(Records contained in a dataset)

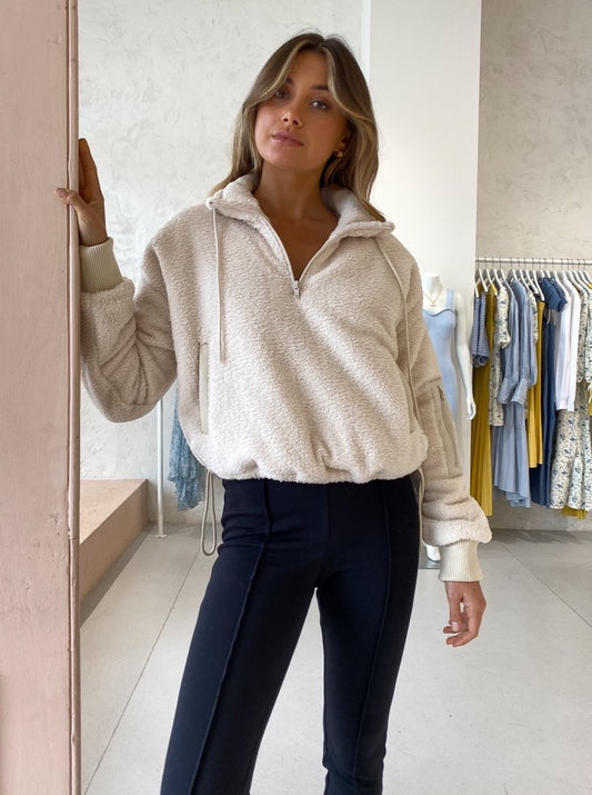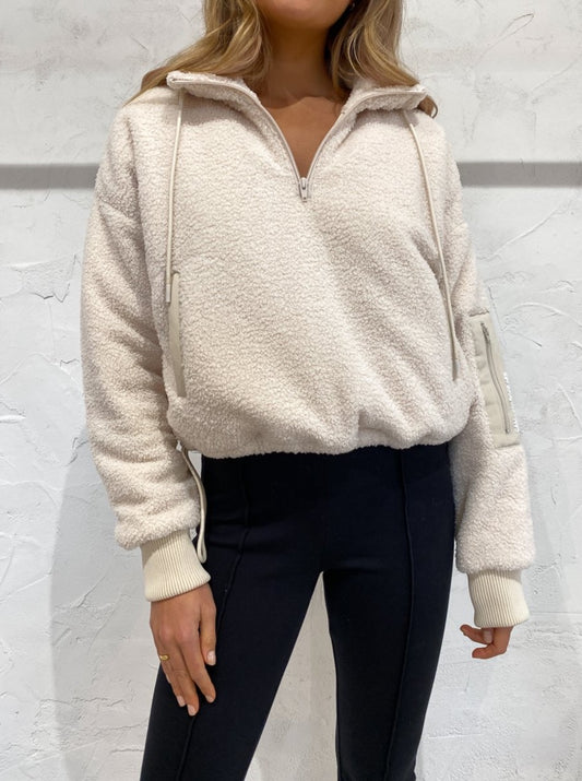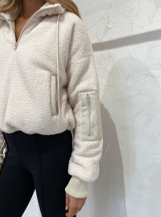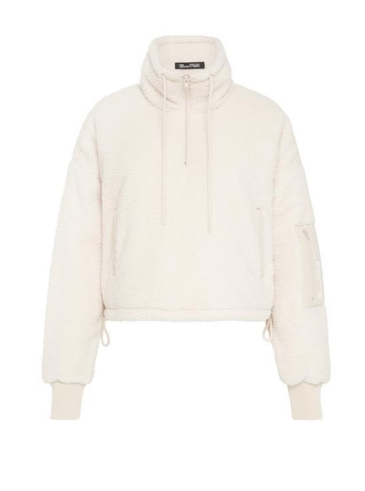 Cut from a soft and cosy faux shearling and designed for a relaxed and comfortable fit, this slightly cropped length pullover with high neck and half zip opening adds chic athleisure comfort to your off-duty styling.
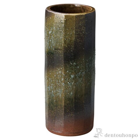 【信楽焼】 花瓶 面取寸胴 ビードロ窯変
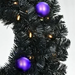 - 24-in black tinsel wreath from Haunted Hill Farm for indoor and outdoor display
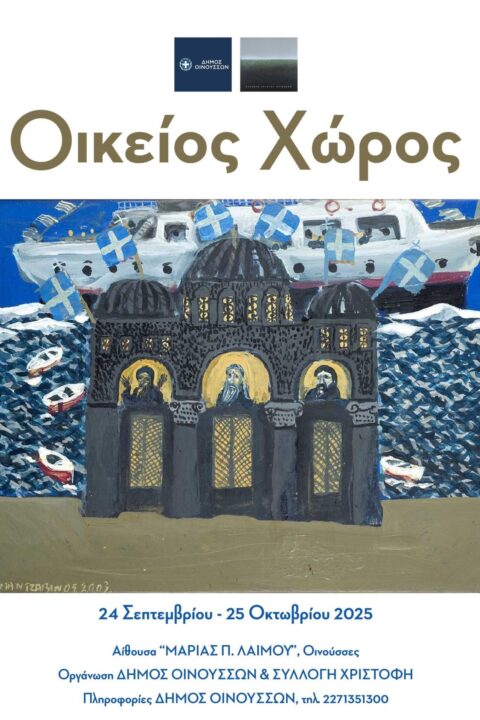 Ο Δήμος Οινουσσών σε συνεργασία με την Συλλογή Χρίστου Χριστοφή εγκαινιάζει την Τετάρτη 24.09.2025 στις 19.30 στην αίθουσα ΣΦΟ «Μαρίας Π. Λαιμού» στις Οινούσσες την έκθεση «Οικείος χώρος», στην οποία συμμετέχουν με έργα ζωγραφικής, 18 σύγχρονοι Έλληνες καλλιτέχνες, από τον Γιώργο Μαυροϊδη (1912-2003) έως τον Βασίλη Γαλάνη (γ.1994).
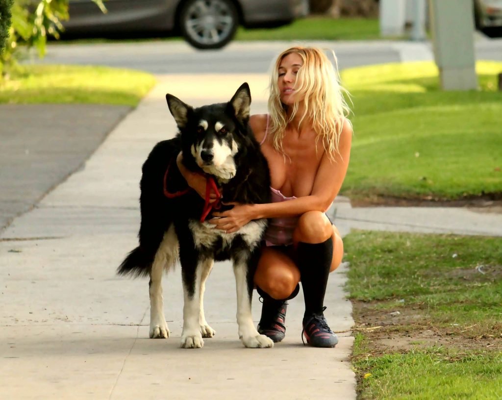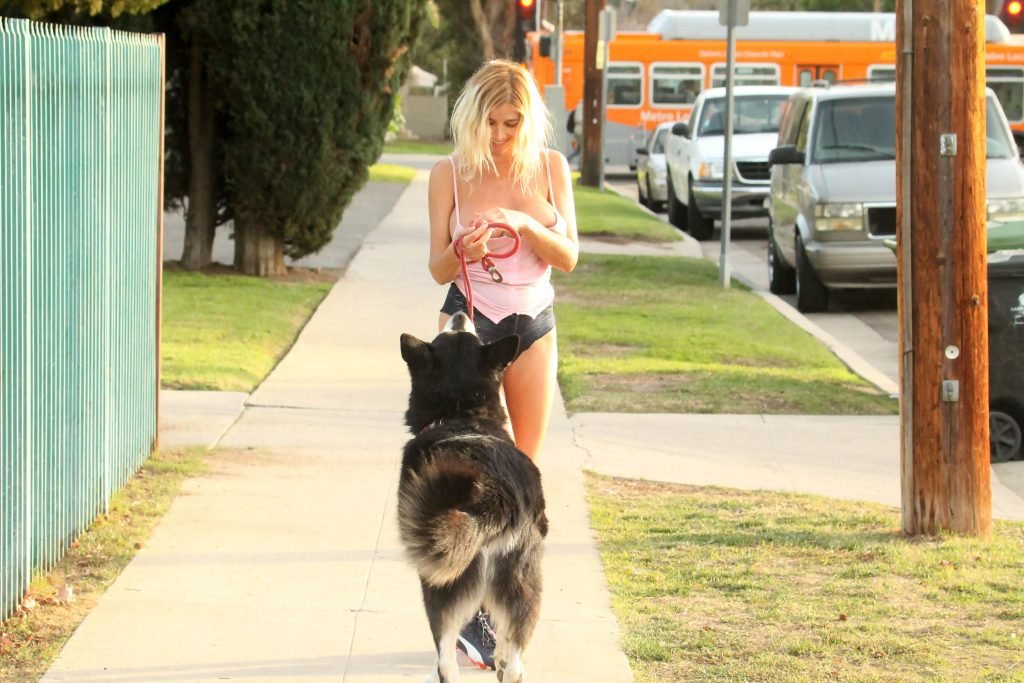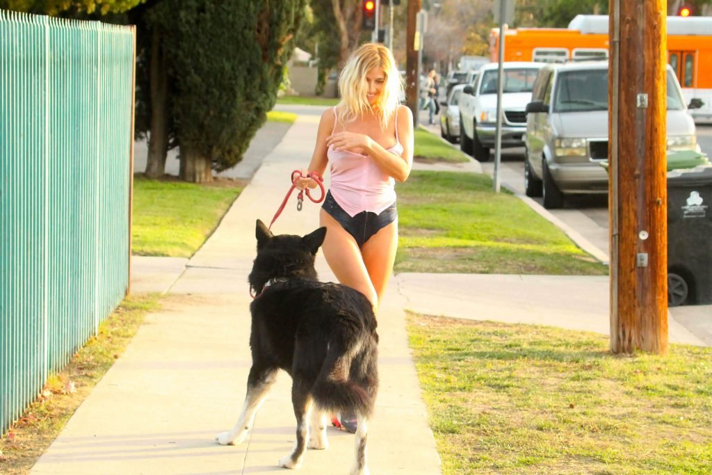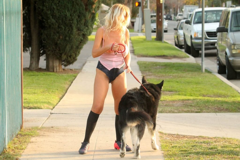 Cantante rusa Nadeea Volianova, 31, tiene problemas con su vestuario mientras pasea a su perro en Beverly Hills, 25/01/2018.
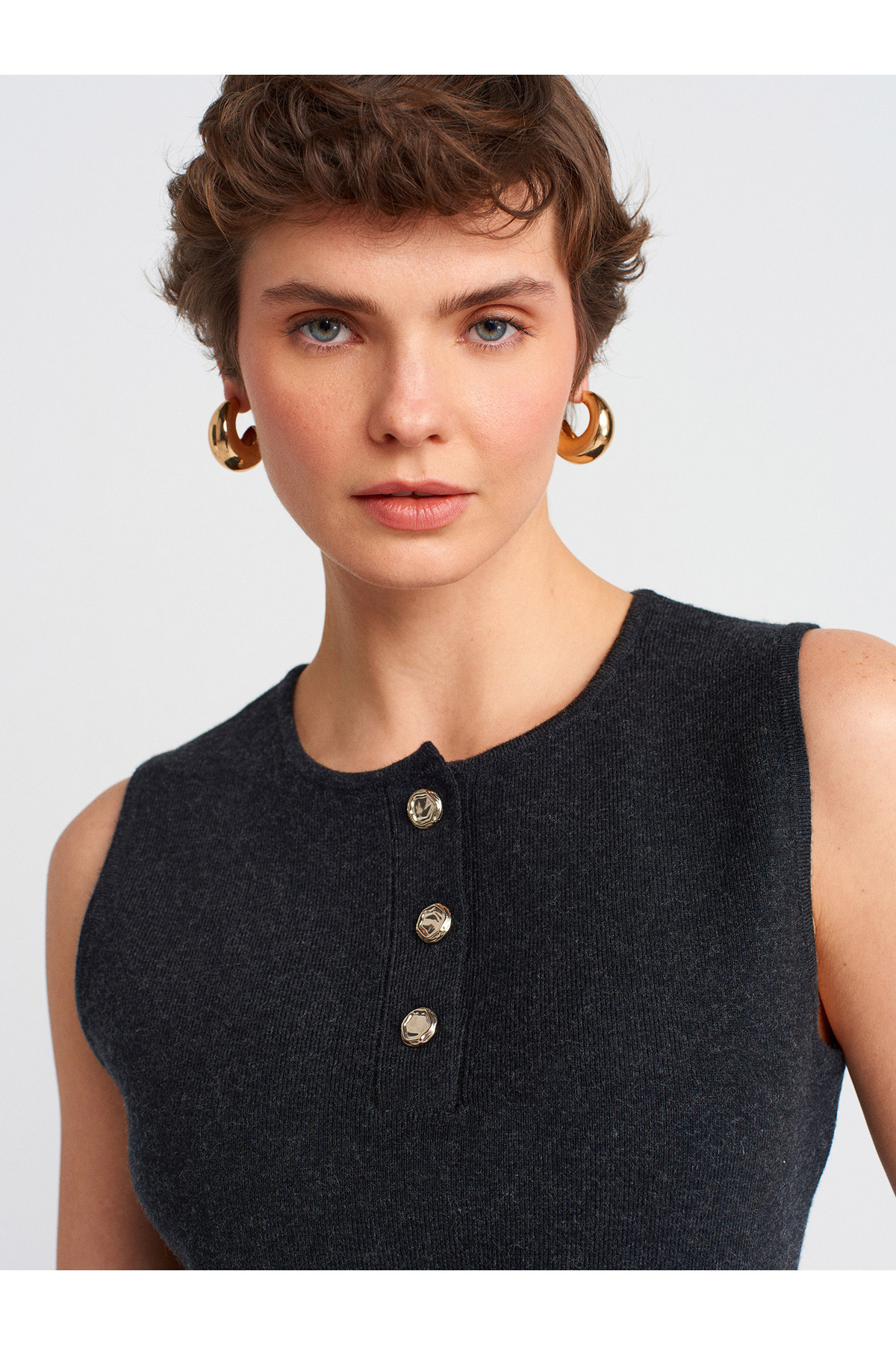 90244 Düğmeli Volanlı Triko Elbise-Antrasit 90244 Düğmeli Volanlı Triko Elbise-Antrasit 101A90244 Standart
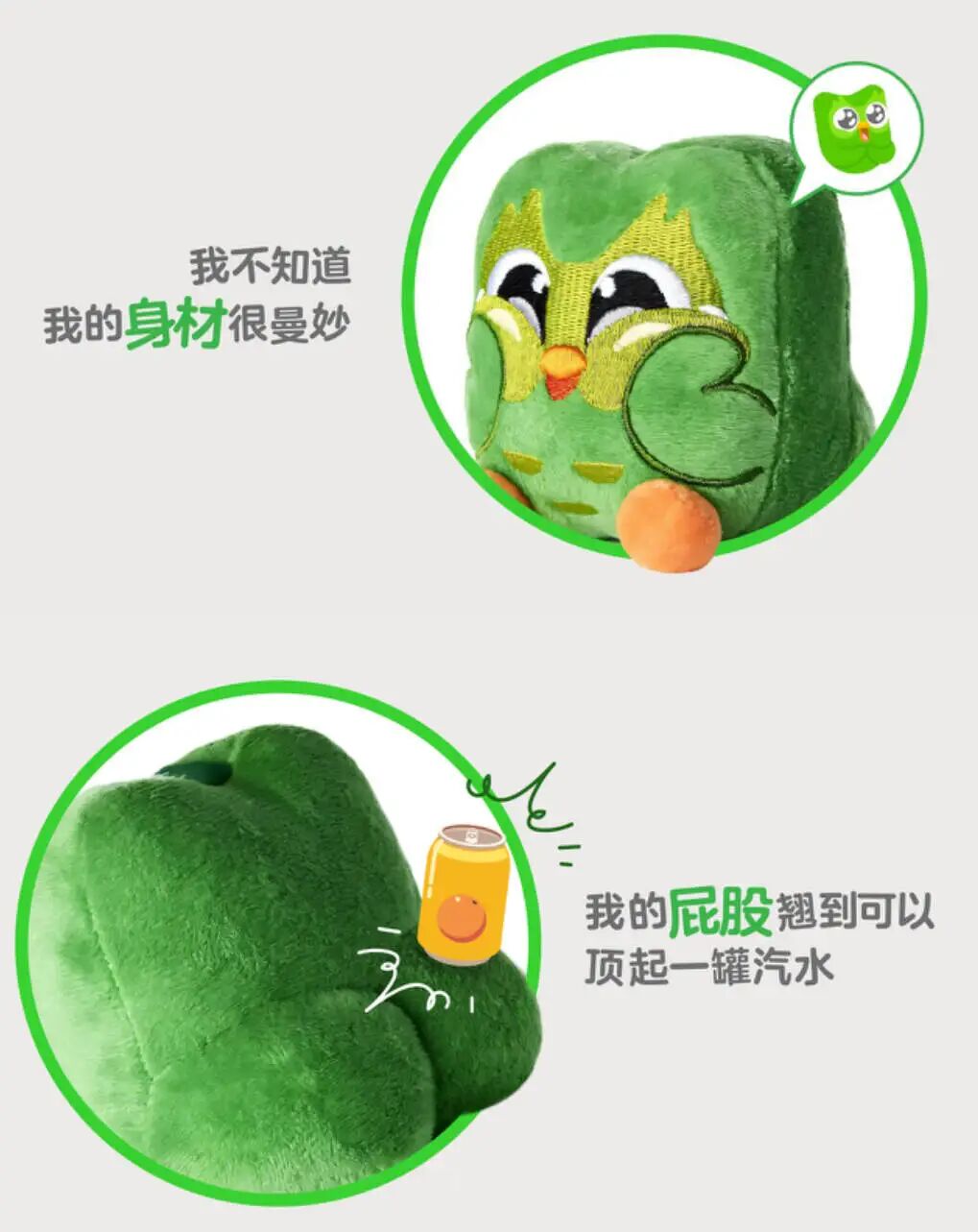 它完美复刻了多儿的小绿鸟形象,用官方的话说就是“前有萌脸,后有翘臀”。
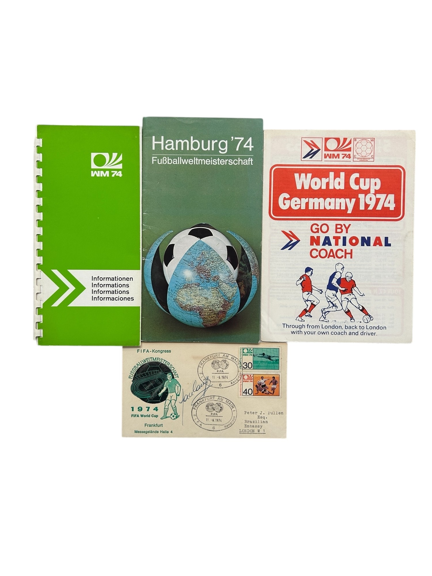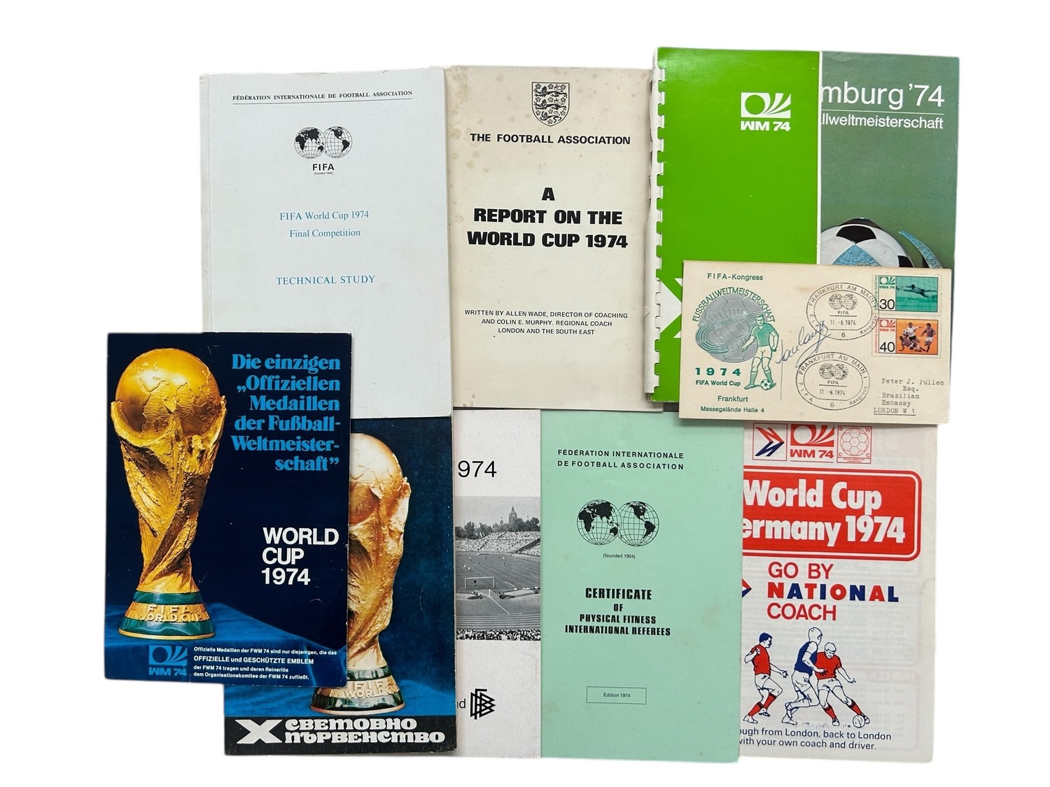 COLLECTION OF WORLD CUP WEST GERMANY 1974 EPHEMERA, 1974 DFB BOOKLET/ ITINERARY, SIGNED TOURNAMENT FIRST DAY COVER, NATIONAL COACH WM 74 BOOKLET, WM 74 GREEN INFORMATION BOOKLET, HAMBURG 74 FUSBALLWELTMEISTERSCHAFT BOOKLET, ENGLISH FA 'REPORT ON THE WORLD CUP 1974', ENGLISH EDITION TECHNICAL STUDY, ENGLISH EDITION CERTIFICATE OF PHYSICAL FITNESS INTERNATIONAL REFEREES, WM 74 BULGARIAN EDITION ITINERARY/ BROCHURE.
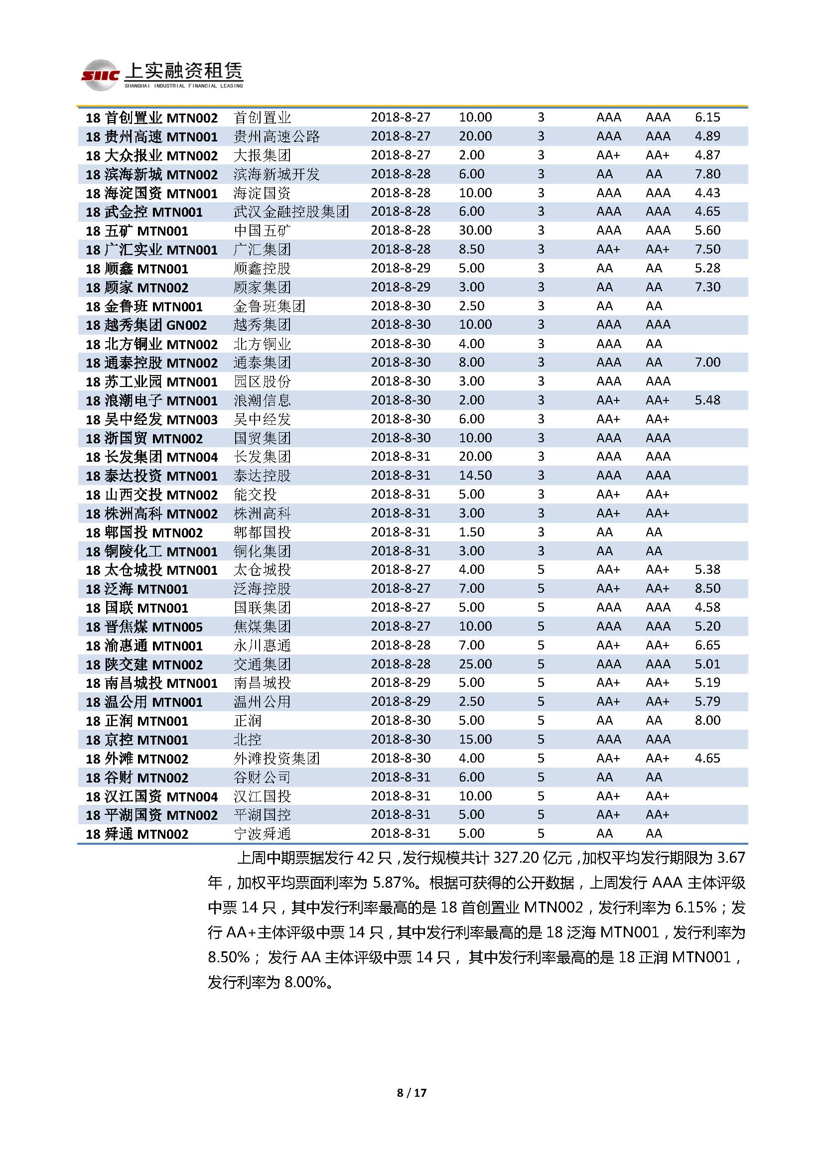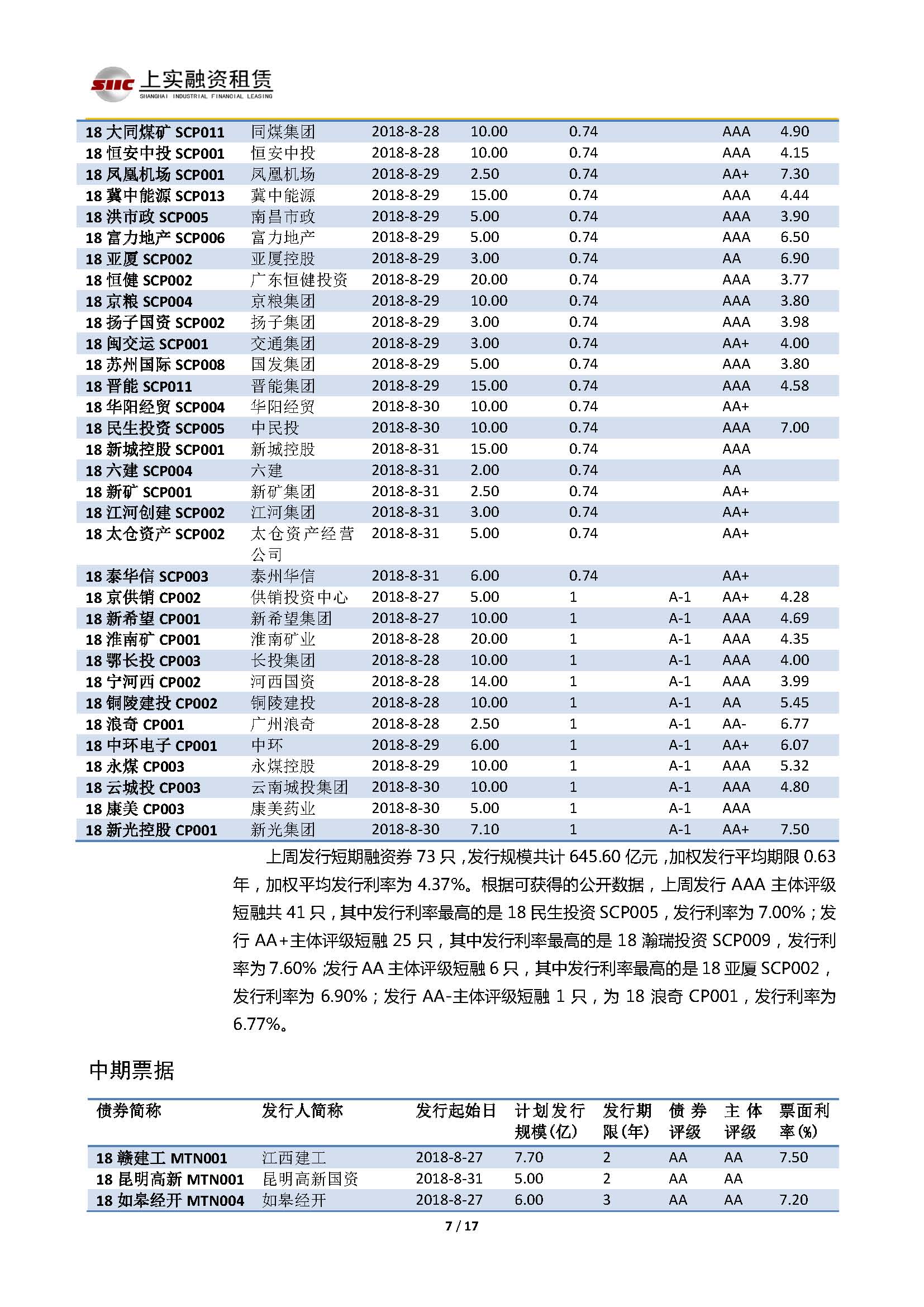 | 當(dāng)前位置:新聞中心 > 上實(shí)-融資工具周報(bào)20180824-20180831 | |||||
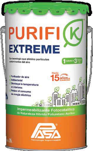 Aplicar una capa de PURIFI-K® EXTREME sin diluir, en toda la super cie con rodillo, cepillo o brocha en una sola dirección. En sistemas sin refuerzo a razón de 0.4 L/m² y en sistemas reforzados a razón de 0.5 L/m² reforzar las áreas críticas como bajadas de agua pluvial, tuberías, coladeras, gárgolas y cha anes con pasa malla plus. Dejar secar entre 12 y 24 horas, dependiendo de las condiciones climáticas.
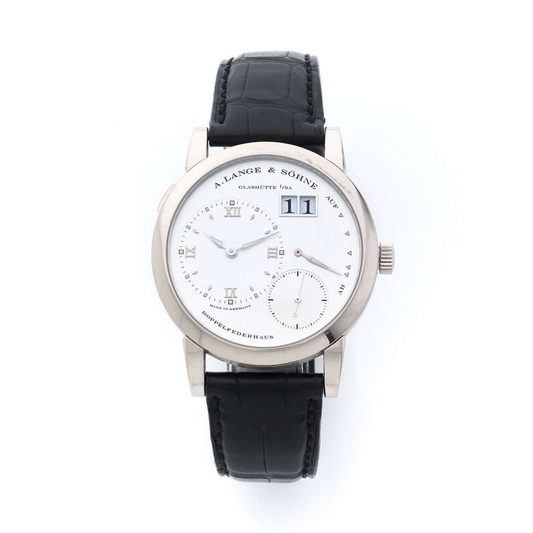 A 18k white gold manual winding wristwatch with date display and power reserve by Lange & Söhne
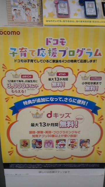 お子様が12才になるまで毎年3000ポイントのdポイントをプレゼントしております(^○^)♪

__WHAT YOU NEED TO DO__. Each record above is to be returned unchanged, while any picture it holds stays out.

__ANSWER__.
 Cut from a soft and cosy faux shearling and designed for a relaxed and comfortable fit, this slightly cropped length pullover with high neck and half zip opening adds chic athleisure comfort to your off-duty styling.
 【信楽焼】 花瓶 面取寸胴 ビードロ窯変
 - 24-in black tinsel wreath from Haunted Hill Farm for indoor and outdoor display
 Ο Δήμος Οινουσσών σε συνεργασία με την Συλλογή Χρίστου Χριστοφή εγκαινιάζει την Τετάρτη 24.09.2025 στις 19.30 στην αίθουσα ΣΦΟ «Μαρίας Π. Λαιμού» στις Οινούσσες την έκθεση «Οικείος χώρος», στην οποία συμμετέχουν με έργα ζωγραφικής, 18 σύγχρονοι Έλληνες καλλιτέχνες, από τον Γιώργο Μαυροϊδη (1912-2003) έως τον Βασίλη Γαλάνη (γ.1994).
 Cantante rusa Nadeea Volianova, 31, tiene problemas con su vestuario mientras pasea a su perro en Beverly Hills, 25/01/2018.
 90244 Düğmeli Volanlı Triko Elbise-Antrasit 90244 Düğmeli Volanlı Triko Elbise-Antrasit 101A90244 Standart
 它完美复刻了多儿的小绿鸟形象,用官方的话说就是“前有萌脸,后有翘臀”。
 COLLECTION OF WORLD CUP WEST GERMANY 1974 EPHEMERA, 1974 DFB BOOKLET/ ITINERARY, SIGNED TOURNAMENT FIRST DAY COVER, NATIONAL COACH WM 74 BOOKLET, WM 74 GREEN INFORMATION BOOKLET, HAMBURG 74 FUSBALLWELTMEISTERSCHAFT BOOKLET, ENGLISH FA 'REPORT ON THE WORLD CUP 1974', ENGLISH EDITION TECHNICAL STUDY, ENGLISH EDITION CERTIFICATE OF PHYSICAL FITNESS INTERNATIONAL REFEREES, WM 74 BULGARIAN EDITION ITINERARY/ BROCHURE.
 | 當(dāng)前位置:新聞中心 > 上實(shí)-融資工具周報(bào)20180824-20180831 | |||||
 Aplicar una capa de PURIFI-K® EXTREME sin diluir, en toda la super cie con rodillo, cepillo o brocha en una sola dirección. En sistemas sin refuerzo a razón de 0.4 L/m² y en sistemas reforzados a razón de 0.5 L/m² reforzar las áreas críticas como bajadas de agua pluvial, tuberías, coladeras, gárgolas y cha anes con pasa malla plus. Dejar secar entre 12 y 24 horas, dependiendo de las condiciones climáticas.
 A 18k white gold manual winding wristwatch with date display and power reserve by Lange & Söhne
 お子様が12才になるまで毎年3000ポイントのdポイントをプレゼントしております(^○^)♪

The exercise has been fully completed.